Five Finds – Asthma

I have asthma, and growing up, I resented being dependent on my medication, and I didn’t like being different from other kids. As an adult, I would sometimes forget to take my medication, usually because I was rushed/tired and/or lazy. I was so used to having asthma I didn’t take it seriously, and forgot just how destructive this disease can be.

This winter, however, I got the flu, and with it a bad, bad case of bronchitis that landed me in hospital, with my worst asthma attack in twenty years. As the Lung Association says so well, when you can’t breath, nothing else matters.

For my “Five Finds” today, I decided to find children’s books and novels featuring asthma. It’s a life-threatening condition that can be managed, but it is something that really can make kids feel like weirdos (think: “sucks to your assmar!” from Lord of the Flies)

flowers (3)

 Might Monty / Johanna Hurwitz

Monty, a quiet first-grader continues to come into his own–playing the part of a tree in a comically miscued school play, sharing his enthusiasm for ants at an outdoor birthday party, and even signing up for karate class despite his asthma.

 I Have Asthma / Jennifer Moore-Mallinos

The child in this story suffers from asthma, a chronic condition that sometimes produces frightening attacks. But kids learn that with proper medical supervision and treatment, asthma can be kept under control, and kids who are affected by it can live happy, active, and normal lives.

Abby’s Asthma and the Big Race / Theresa Martin Golding

Abby is determined to participate in the big race, and won’t let her condition, or the teasing of a classmate, stand in her way. Abby talks with her doctor, takes her medicine, exercises regularly, and proves to her classmates that kids with asthma can do anything other kids can, too.

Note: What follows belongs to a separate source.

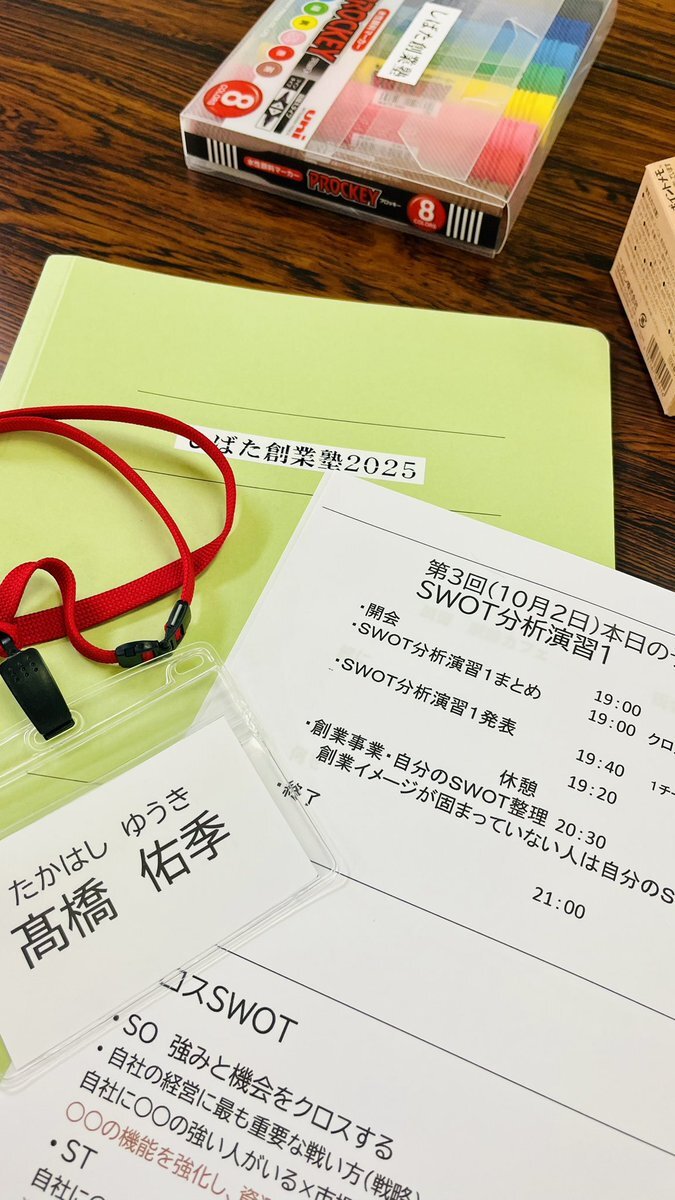 手帳コーチ養成講座が終わった直後から参加し始めた地元自治体主催の創業塾 全12回(毎週木曜)で総額3000円だしやってみるか!っていう軽いノリだったけど、予想以上に勉強になるし、他のメンバーとも刺激し合える このまま続けてみよう☺️✨ #創業塾 #swot分析 pic.x.com/aykuOO4RA3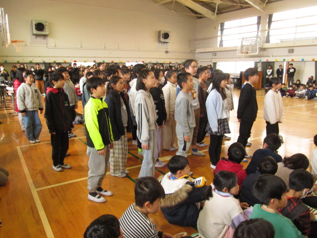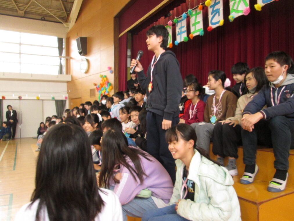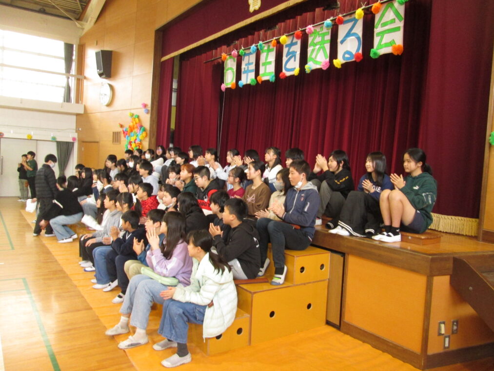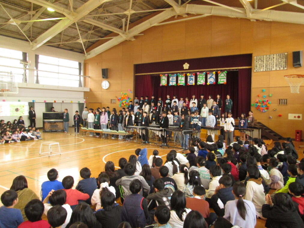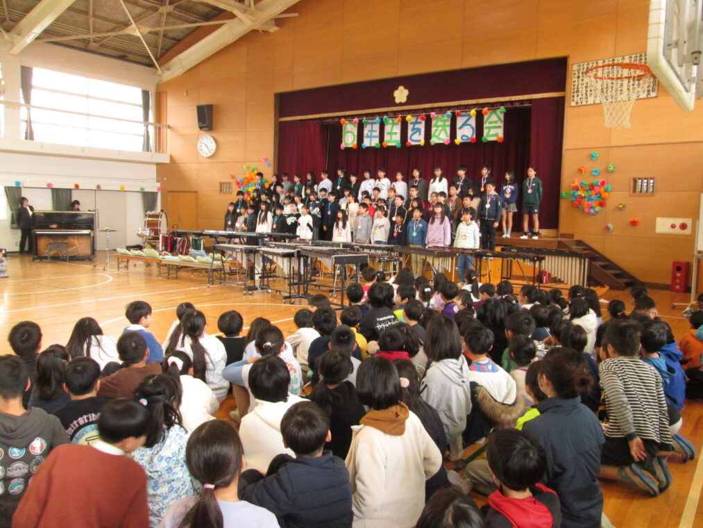2月25日(水)に「6年生を送る会」を行いました。この取組はこれまでお世話になった6年生に向けて、全校のみんなでお祝いやお礼の気持ちを伝えようというものです。各学年からの出し物を見ていると、気持ちのこもったメッセージだけでなく、合唱・合奏・替え歌・手話・けん玉・手作りのプレゼント…と、どの学年も工夫を凝らした発表で、6年生に向けて「ありがとう」のあたたかい気持ちを伝えました。最後は全校みんなで「また会える日まで」の合唱をして、大盛り上がりで会を終えました。6年生は卒業まであと少しになりました、最後まで長三小での楽しい思い出を作ってほしいと思います。当日の司会進行はもちろん、準備や片づけ、花のアーチ持ち、寄せ書きの掲示など、今回の送る会は5年生が中心となって進めてくれました。もうすぐ6年生になるための心がまえが感じられ、本当にステキな会となりました。5年生のみなさん、ありがとうございました♪

Bobby the Brave (Sometimes) / Lisa Eye

Fourth-grader Bobby is hurt when he hears his father, a former pro-football player, say that they are nothing alike, but finally summons the courage to talk with him about it after he suffers a public, and scary, asthma attack. Bonus points for illustrations by the ever-popular Dan Santat.

 Mostly Monty / Johanna Hurwitz

Because he suffers from asthma, six-year-old Monty is nervous about starting first grade but he soon learns to cope with his illness and use his special talents to make friends.